Less than 1 minute Minutes

UPDATED: 22 Dec 2023, 6:53 am

Life doesn’t always go according to plan. All too often, new opportunities pop up when least expected. That was certainly true for Nicole Yiu, the chef garde manger (or ‘cold food’ chef) at the Grand Lisboa Hotel’s three-Michelin-starred Robuchon au Dôme, who found her way from sociology to the culinary arts. In this instalment of “Know Your Chef”, we spoke with the 26-year-old chef to learn all about her personal and professional journey:  

The early days: Born and raised in Macao, Yiu says she’s always been a “foodie” who loves trying anything and everything. Her mother had a penchant for cooking a range of Asian and Western cuisines, which exposed Yiu to a kaleidoscope of flavours throughout her youth.

The young chef became “enthusiastic about cooking” while pursuing a sociology degree four years ago at the University of California, Los Angeles (UCLA). “During my years studying, I developed my cooking skills because I had to learn how to cook for myself,” she recalls. 

Aside from comfort foods – like steamed egg custard with dried scallop, aubergine with minced pork – and spontaneous cravings, Yiu enjoyed cooking big festive holiday meals and sharing them with friends. 

The turning point: Having learned more about human nature while pursuing her sociology degree, Yiu felt inspired to go after a career that she would enjoy every day. After graduating from UCLA, Yiu worked at an LA-based food media company – The Chihuo, focused on Asian cuisines – which enabled her to pursue her interest in food. 

From visiting new restaurants to taking food photos, writing food reviews and interviewing chefs and business owners, Yiu immersed herself in the industry. “I always knew I loved food and wanted to do something related to food, so when the Chihuo was recruiting, I took the chance,” she says. “They didn’t care that my degree was unrelated to food.” 

The lifelong passion and dedication of chefs, in particular, caught her attention. “It planted a seed in my mind and motivated me,” she says. “So I decided to go for it and applied to Le Cordon Bleu’s London Diploma in Culinary Management.”

The respected culinary arts, wine and management school accepted Yiu’s application, and, as they say, the rest is history. “At first, I was worried that I could not handle it, because cooking can be a totally different experience when it becomes your job. But luckily I’ve survived so far.”

Gaining momentum: After graduating from Le Cordon Bleu in 2018, Yiu worked at Michelin-recommended Italian restaurant Luca in London for a year. It was a baptism by fire: she was responsible for prepping and cooking the eatery’s entire appetisers section on her first day. 

“In the first month, I didn’t know how to behave properly in the kitchen,” she recalls. While she learned standard operating procedures, cooking skills and food knowledge from Le Cordon Bleu, she felt lost when it came to routines, culture and practical kitchen ethics. 
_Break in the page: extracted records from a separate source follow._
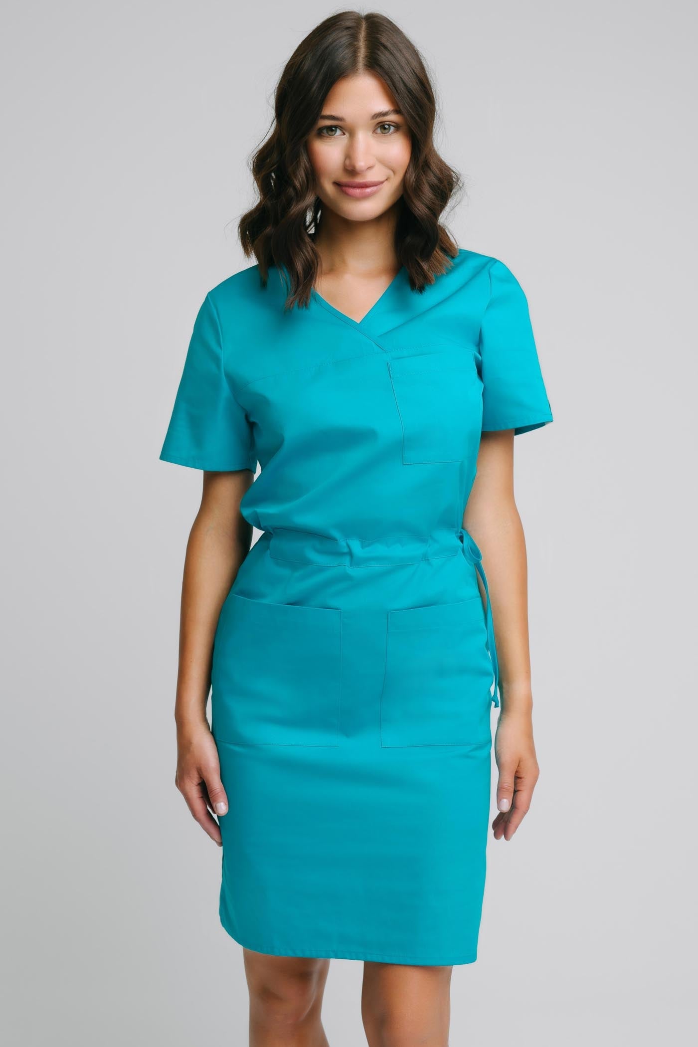 Sukienka medyczna damska Blanka to nowoczesna propozycja dla kobiet pracujących w przychodniach, szpitalach oraz gabinetach lekarskich. Jest to bardzo wygodny krój prostej, klasycznej sukienki ozdobionej lamówką oraz ryglami przy każdej kieszeni, co oprócz uroku wzmacnia produkt. Sukienka w wygodny a zarazem nietypowy sposób wiązana jest w talii co daje możliwość każdej kobiecie dopasować ją do swojej figury albo humoru danego dnia. Fartuszek posiada trzy duże kieszenie niezbędne w codziennej pracy.
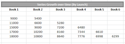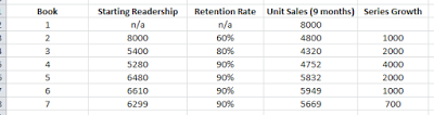 a modest and partially-hypothetical mid-listSeries Growth is what's important here. In a nutshell, it's how many book 1's each release on that list sells due to the buzz and attention it's launch creates. Keep in mind (cause these numbers won't add up otherwise) that if book 1 sells 1000 copies, then book 2 also sells more and book 3 sells more and so on. This next chart shows how that effect was incorporated in my example.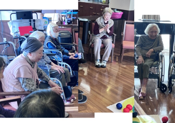 今日のレクレーションは、的をめがけてボールを投げる「ボッチャ」です!
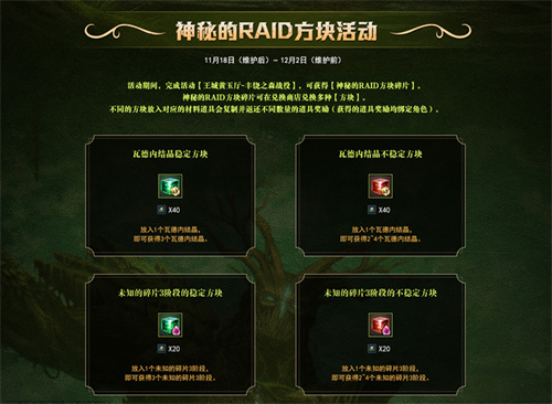 还有“神秘的RAID方块活动”,英雄们在活动期间完成指定战役,可获得“神秘的RAID方块碎片”,碎片可以在兑换商店兑换多种“方块”,不同的方块放入对应的材料道具,会复制并返还不同数量的奖励道具。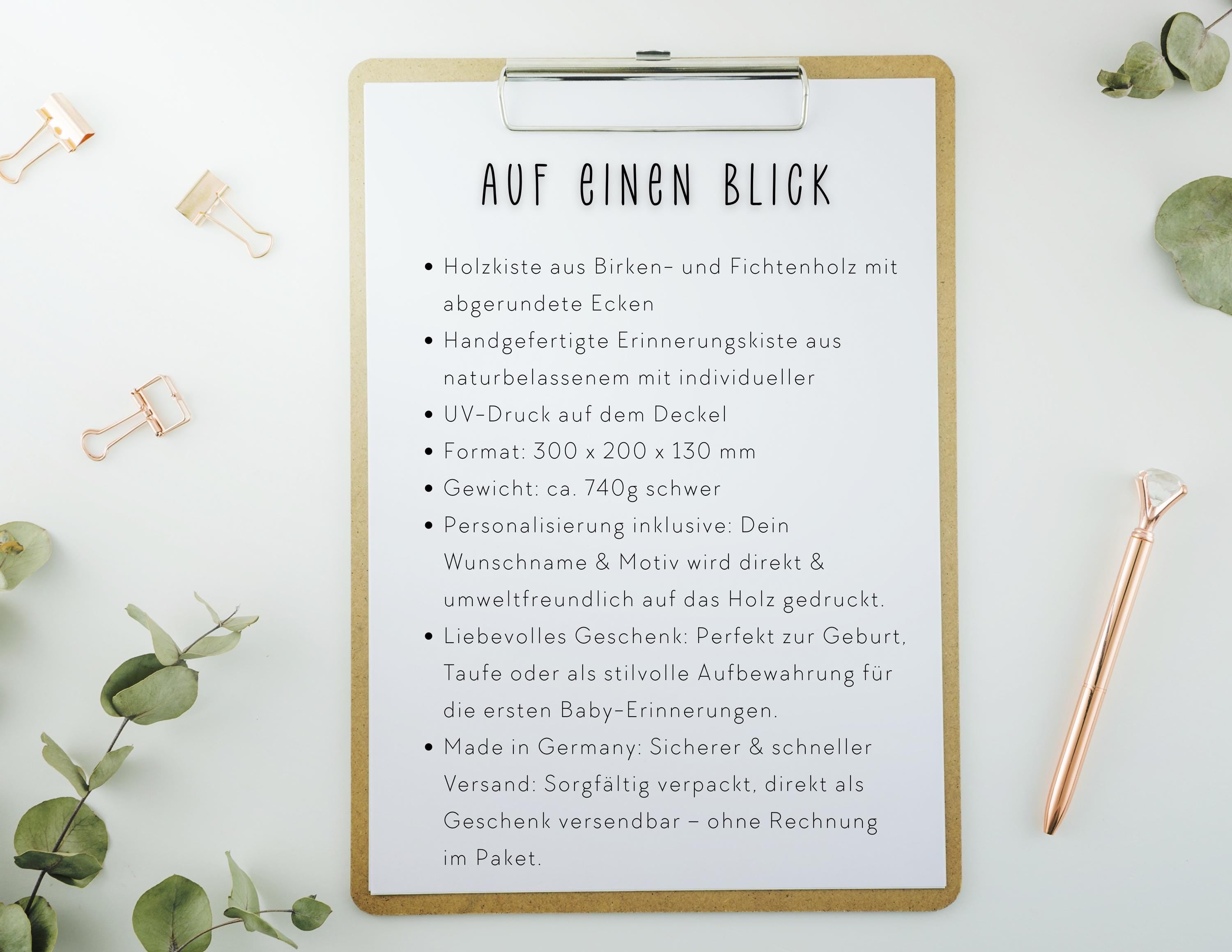 Ob zur Geburt, Taufe, zum Geburtstag oder einfach als liebevolle Aufmerksamkeit – diese Kiste ist mehr als ein Präsent. Sie schenkt wertvolle Erinnerungen ein schönes Zuhause und bleibt ein Begleiter fürs Leben.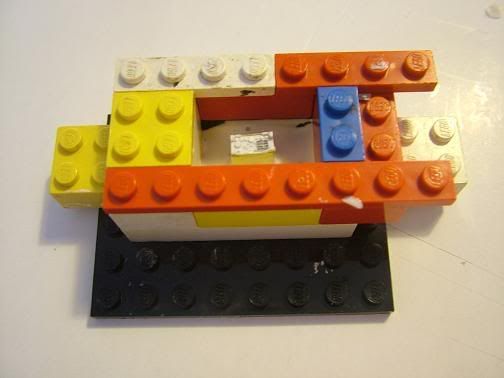 I start with the lego blocks to make the size of the mould. The bottom is then filled up with clay. And on top of that comes the part sicked with bleu-teck on a piece of plastic. If you don't put the clay on the bottom the resin will go under the plastic card and if it works out bas the part you're planning to cast wil not be completely covered, I will show his later on.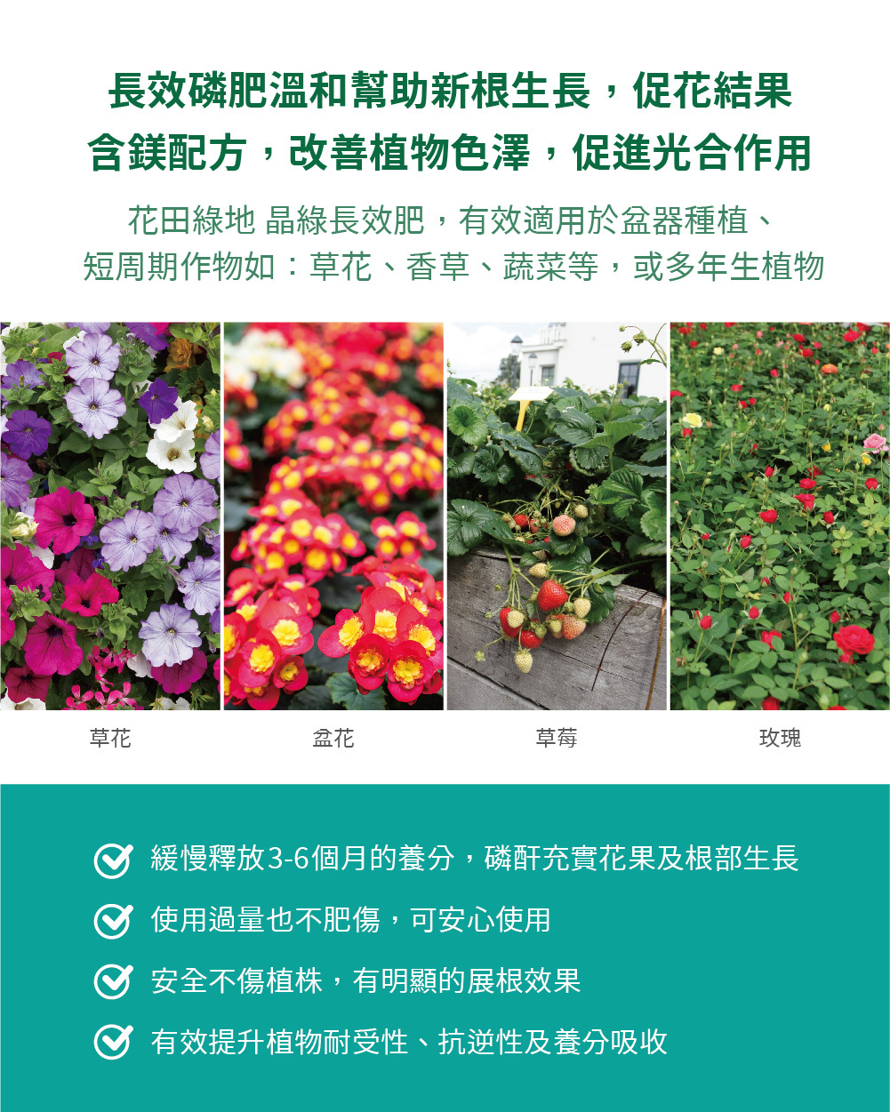 可促進根系發展,促花結果,另含鎂元素可改善植物色澤。

She still had much to learn, such as ordering ingredients from suppliers, time management, prepwork and general multitasking around the kitchen. She also only had a 15-minute lunch break every day during her nearly 16-hour shifts, which started at 8 am and ended at midnight. 

The job was non-stop, and, in addition to preparing appetisers, Yiu also prepped ingredients, cleaned, purchased goods, handled deliveries – it was very gruelling, she says. It reminded her of the popular TV show “24 Hours to Hell and Back” with Gordan Ramsay. 

“It’s no exaggeration,” she says, adding that the immense pressure made it hard to sleep at night. “In hindsight, I’m grateful for that experience because it sharpened me in so many ways,” she says. “I started from zero, and I was heartened by recognition from the chefs.” 

At the time, she had worked herself sick and one of the managers sent her to rest in the chef’s office. When the head chef and the sous chef checked on her, they praised her vast improvements and ability to learn quickly – something she needed to hear at the time due to growing self-doubt.

Pet peeve: Yiu would love to see less food waste in Macao’s opulent restaurant scene. Due to the luxurious nature of fine-dining restaurants, they must serve only the best of the best ingredients, which can often lead to unnecessary waste if produce is not up to standard.  

In the future, she hopes the government restricts food waste or restaurants find a way to curb surplus. “Restaurants don’t want to tarnish their reputations [by serving sub-par ingredients], but I believe there is a better way,” she says. 

All-time favourite dish: “I love everything, and often, my favourite depends on my mood or even the weather,” she says. “It can also be seasonal. For example, in the autumn, I crave something nutty, especially chestnuts! I usually go for dishes or drinks that have roasted nuts during fall. Or if it’s raining, I will reach for a hot bowl of noodles or pasta.”

Her current role: As chef garde manger, Yiu’s dominion lies in the cold section of the Robuchon au Dôme kitchen. And while most people assume this means just handling salads, Yiu explains it’s a whole lot more: “Aside from salads, cold cuts and cheese, there are also other cold dishes like chilled soup, fruits, pâté, caviar, and some cold desserts.”

She loves to make “Nicoise” salads, a classic French dish comprising tomatoes, hard-boiled eggs, Nicoise olives, anchovies and tuna. Of course, at Robuchon au Dôme, this simple dish sees an extravagant twist, featuring greens shaped into a dome, tuna flakes, olives and a layer of tomato paste.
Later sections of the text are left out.